"Poor France! The Branches are broken, but the Trunk still holds."

By Daumier in "Charivari."

It is not strange that during these years American cartoonists concerned themselves but little with matters outside of their own country. For more than a decade after the close of the Franco-Prussian War there were very few episodes which assumed international importance, and still fewer in which the United States had any personal interest. France was amply occupied in recovering from the effects of her exhaustive struggle; United Germany was undergoing the process of crystallizing into definite form. Europe, as a whole, had no more energy than was needed to attend to domestic affairs and to keeping a jealous eye upon English ambition in Egypt and Russian aggression in the Balkan States. For some little time after the French Commune echoes of that internecine struggle were still to be found in the work of caricaturists, both in France and Germany. Before taking final leave of that veteran French artist, Honoré Daumier, it seems necessary to allude briefly to a few of the cartoons of that splendidly tragic series of his old age dealing with the France which, having undergone the horrors of the Germanic invasion and of the Commune, is shattered but not broken, and begins to look forward with wistful eyes to a time when she shall have recovered her strength and her prosperity. One of the most striking of these cartoons represents France as a deep-rooted tree which has been bent and rent by the passing whirlwind. "Poor France! The branches are broken, but the trunk holds always." Simple as the design is, the artist by countless touches of light and of shadow has given it a somber significance which long remains in the memory. It was to Napoleon that Daumier bitterly ascribed the misfortunes of La Patrie, and in these cartoons he lost no opportunity of attacking Napoleonic legend. Stark and dead, nailed to the Book of History is the Imperial eagle. "You will remain outside, nailed fast on the cover, a hideous warning to future generations of Frenchmen," is Daumier's moral. Of brighter nature is the cartoon called "The New Year." It represents the dawning of 1872, and portrays France sweeping away the last broken relics of her period of disaster.

"You shall stay there, nailed to the Cover, a Warning to Future Generations of Frenchmen."

By Daumier in "Charivari."

In Germany, also, one finds a few tardy cartoons bearing upon Napoleon III. Even in the Fliegende Blätter, a periodical which throughout its history has confined itself, with few exceptions, to social satire, perennial skits upon the dignified Herr Professor, the self-important young lieutenant, the punctilious university student, one famous cartoon appeared late in the year 1871, entitled "The Root of All Evil." It portrayed Napoleon III., as a gigantic, distorted vegetable of the carrot or turnip order, his flabby features distended into tuberous rotundity, the familiar hall-mark of his sweeping mustache and imperial lengthened grotesquely into the semblance of a threefold root.

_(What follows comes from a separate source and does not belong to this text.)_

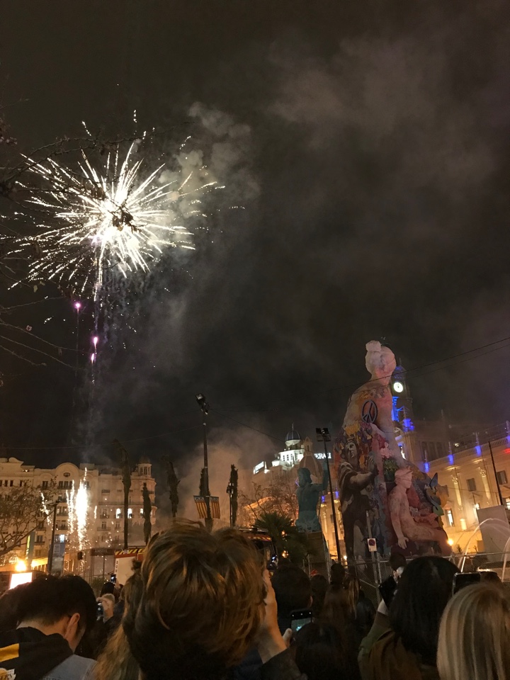 市庁舎広場では、この時間から花火や爆竹がこれでもかというほど打ち上げられ、中心に据えられたファジャスに火が灯されます。このイベントは街中の人が広場に集まるので、近くでファジャスが燃える様子を見たい人は、1時間以上前に広場に行き、場所を確保することをおすすめします。2019年のクレマはあいにくの雨でしたが(300日晴れるというバレンシアなのに!)、それでも迫力満点でした。周りの熱狂具合もすさまじく、日本のお祭りとは一味違う、クレイジーな盛り上がりを感じることができます。

Still better known is a series of cartoons which ran through half a dozen numbers of the Fliegende Blätter, entitled "The Franco-Prussian War: A Tragedy in Five Acts," in which the captions are all clever applications of lines from Schiller's "Maid of Orleans". As compared with the work of really great cartoonists, this series has little to make it memorable. But as an expression of a victorious nation's good-natured contempt, its tendency to view the whole fierce struggle of 1870-71 as an amusing farce enacted by a company of grotesque marionettes, it is not without significance and interest.